E poi ci sono anche delle storie curiose intorno alla bicicletta. Mentre Oriani stava lavorando al suo romanzo sulle due ruote, un professore romagnolo di nome Luigi Graziani, forse uno degli ultimi rappresentanti di quella scuola classica romagnola che ebbe in Vincenzo Monti il suo celeberrimo apripista, scriveva nel 1899 un poemetto in latino dedicato alla bicicletta, Bicyclula, che venne anche premiato ad Amsterdam nei famosi Certamina poetica Hoefftiana che vedevano sempre Giovanni Pascoli (che dedicò alla bici una famosa poesia con l'omatopeico dlin...dlin...) indiscusso mattatore. Alcuni anni dopo presentò al certame olandese In re cyclistica Satan ovvero Il diavolo nel ciclismo e anche in quell'occasione dovette accontentarsi della medaglia d'argento.
Oriani scrisse il romanzo su suggerimento di Adolfo Mergari, il suo Chirone, che morì in giovane età: «Egli - ricorda Oriani in una lettera - amava la propria bicicletta assai più di una fanciulla, a letto dove giace infermo da tre mesi ne ricorda palpitando la libera poesia con un desiderio senza rimorsi». E come non associare queste righe alla conclusione de Il prete bello di Goffredo Parise?
Ricordate il piccolo Cena che era fuggito dal riformatorio e per guadagnare la libertà era finito sotto a un tram? Ma nel delirio dei suoi ultimi istanti gli apparve in visione la bicicletta, una Legnano da corsa nuova fiammante: «guardava e pregava anche per avere una vita migliore in questo mondo e in mezzo agli uomini più grandi e più fortunati di lui e proprio mentre stava passando in rassegna tutte queste cose sulla sua nuova bicicletta, questa si alzò, e Cena, rifiuto di riformatorio, ladro e miserabile a dodici anni, abbandonò con essa le strade di questa terra».

Franco Gàbici

 

Le citazioni iniziali sono tratte dalla Prefazione di Ennio Dirani al romanzo A.Oriani, La bicicletta, Ravenna, Longo Editore, 2002, p.10, p.11.
Il riferimento al romanzo Voici des ailes! è tratto dal capitolo La velocità, in S.Kern, Il tempo e lo spazio.
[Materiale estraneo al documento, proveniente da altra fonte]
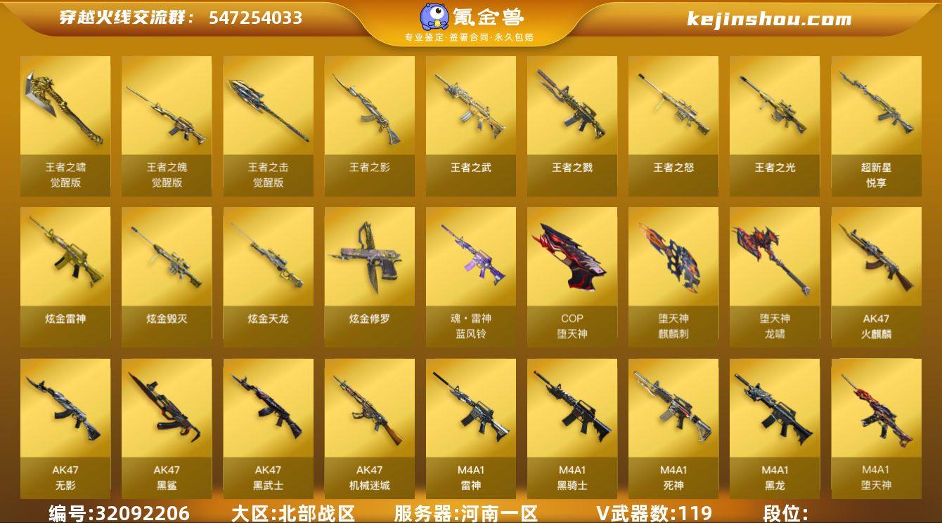 北部战区(河南一区)ys【爆破生化号】119v【M200-幻神,竞技荣光套装,堕天神套装,QBZ03-金色蔷薇,AWM-裁决,M4A1-青龙,6烈龙+4盘龙+3炼狱+斯泰尔-蝴蝶+5黑骑士,破空枪刃-夜魔,Colt1911-大黄蜂】10王者【王者之影,王者之戮,王者之魄,王者之武,王者之光,王者之怒,王者之击,王者之啸,超新星-悦享】5炫金【炫金雷神,炫金毁灭,炫金天龙,炫金修罗】4角色【电竞教官-云悠悠,迷迭香,魅影,王者-零】6音效【M4A1-雷神音效卡,AK47-火麒麟音效卡,Barrett-毁灭音效卡,M4A1-黑骑士音效卡】24皮【雷神-星空,毁灭-星空,火麒麟-CFS2018,天龙-CF STAR,雷神-虎将,火麒麟-华夏之心,屠龙-荣耀之锋,毁灭-冠军之怒,火麒麟-AG战队,修罗-CF STAR,雷神-荣耀之魄,火麒麟-CF STAR】小人物枪【火麒麟-灵狐】 截图展示段位不代表实际段位 如赛季更新等不可抗拒因素发生变化、时限道具不保证所剩时间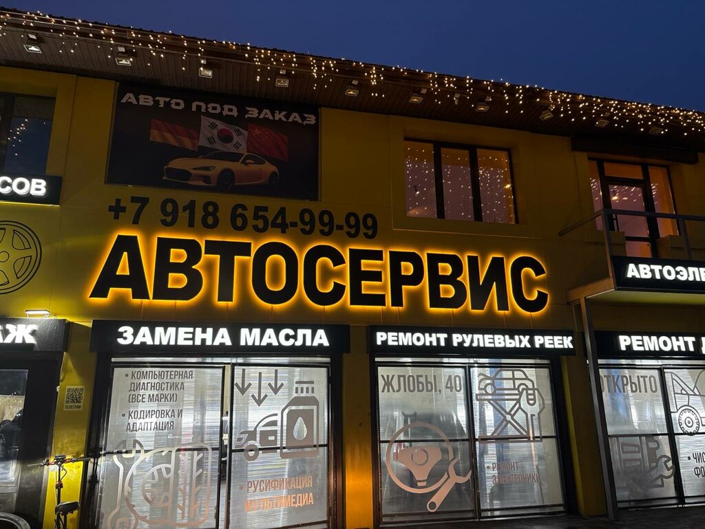 Repair sevices:a/c recharging and repair, exhaust system repair, repair of brake system, plastic bumper repairs, engine repairs, full car sevice, installation of parking sensors, tinting, running gear repair, starter motor repairs, computer car diagnostics, car electrician repair, steering racks repairs, nozzle cleaning, fuel injector cleaning, car alarm, gearbox repair, generator repairs, repair injectors, auto parts repair, cooling system repair, repair of power steering, de-coking, engine endoscopy, replacing of timing belt, automotive electronics repair, removal of catalysts, oil changes

La percezione del mondo tra Otto e Novecento, Bologna, Il Mulino, 1988, p. 143.

Franco Gàbici (Ravenna, 22 maggio 1943). Laureato in fisica, è direttore del Planetario e del Museo di scienze naturali di Ravenna. Giornalista pubblicista, collabora con articoli di scienza e costume ai quotidiani Il Resto del Carlino-La Nazione-Il Giorno, Avvenire e all'inserto "Tuttoscienze" de La Stampa. E' presidente della sezione ravennate della "Dante Alighieri".
Oltre a una ventina di saggi di storia locale ("Ravenna: cento anni di cinema", "Leopardi turista per caso"...), ha scritto "Didattica col Planetario" (La Nuova Italia, 1989) ed è autore dell'unica biografia di don Anacleto Bendazzi, considerato il più grande enigmista italiano ("Sulle rime del don", Ravenna, Essegì, 1996).